Argumenta que a decisão
recorrida é, nesta parte, uma decisão surpresa e que enferma de
inconstitucionalidade ''por violação do artigo 20.º, n.º 1, da CRP, que
consagra o principio do acesso à justiça e ao direito, por violação do artigo
32.º, n.º 1 conjugado com o artigo 2.º da CRP, que consagra o princípio
da efetividade das garantias processuais, e por violação do artigo 32.º,
n.ºs 1 e 3 da CRP, que consagra o princípio da defesa efetiva".
Não pode admitir-se o
recurso também nesta parte porque a desconformidade do disposto no art.º 670º
n.º 5 do CPC aplicável ex vi do art.º 4º do CPC não foi suscitada de modo
prévio perante o tribunal recorrido. Isto é, não vinha deduzida na reclamação
apresentada contra o despacho do Desembargador relator que não admitiu o
recurso interposto pelo arguido para o STJ, nem em qualquer outro requerimento
dos sujeitos processuais.
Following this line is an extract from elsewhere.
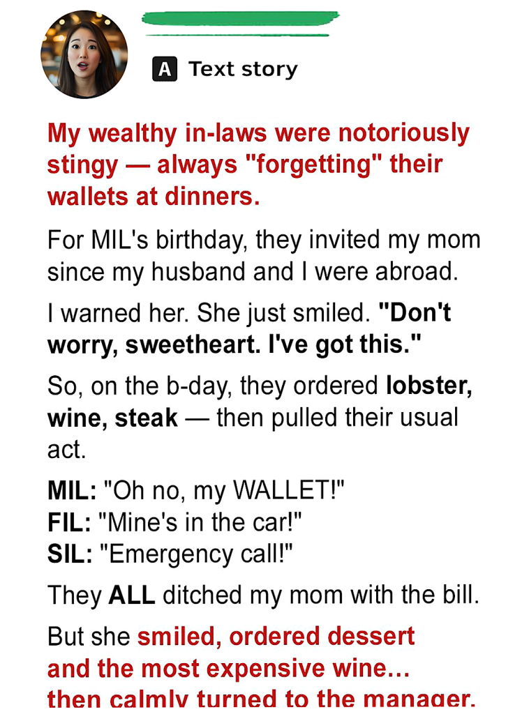 For years, my wealthy in-laws pulled the same trick: “forgetting” their wallets at dinner to avoid paying. When they invited my mom to a fancy restaurant, thinking she’d fall for it too, they had no idea she was ready. This time, their scam backfired… spectacularly.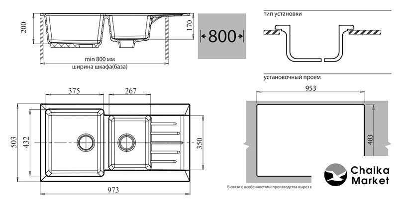 врезная под столешницу, искусственный камень, размеры: 55.5x46 см, глубина чаши: 19 см, в шкаф шириной от 60 см

Pelo que o Tribunal não teve oportunidade de apreciar
e decidir essa questão
Alega o recorrente
estar-se aqui perante um caso excecional em que se não poderia antecipar que
aquele preceito adjetivo - o disposto no artigo 670.º, n.º 5 do CPC - iria ser
aplicado na decisão recorrida.
Que não é assim resulta
claramente evidenciado pela anormalidade dos últimos expedientes incidentais
que arguido tem vindo a provocar de modo a obstar á definitividade da decisão
condenatória e que o resuma da parte inicial da decisão visado certifica nos
seguintes termos: "(...) foi, por acórdão do tribunal de 1ª instância,
confirmado por acórdão da Relação de 8 de setembro de 2020, condenado nos autos
na pena única de 4 anos e 6 meses de prisão. Arguiu nulidades e peticionou a
correção do acórdão confirmatório que a Relação indeferiu por acórdão de 10 de
novembro de 2020.
Os recursos que interpôs
para o Tribunal Constitucional e para o Supremo Tribunal de Justiça não foram
admitidos. Por decisão de 29 de junho de 2021, a Exmª Vice-Presidente deste
Supremo Tribunal, confirmou o despacho de não admissão do recurso. O arguido
recorreu para o Tribunal Constitucional que, na Decisão Sumária n.º 155/2022,
confirmada pelo Acórdão n. ° 243/2022 decidiu não conhecer do objeto dos
recursos (do acórdão da relação e da Decisão que confirmou a não admissão do
recurso).
(...) em mais um
incidente processual, arguiu a nulidade de acórdão da Relação de 9 de fevereiro
de 2021, recorrendo depois para o Supremo Tribunal de Justiça. E, não tendo
sido admitido o recurso, argui a nulidade do despacho de não admissão e
reclamou nos termos do art.º 405º do CPP. Reclamação que indeferimos por
decisão de 29 de setembro de 2022.
O reclamante apresentou,
então, requerimento a interpor recurso para o Tribunal Constitucional.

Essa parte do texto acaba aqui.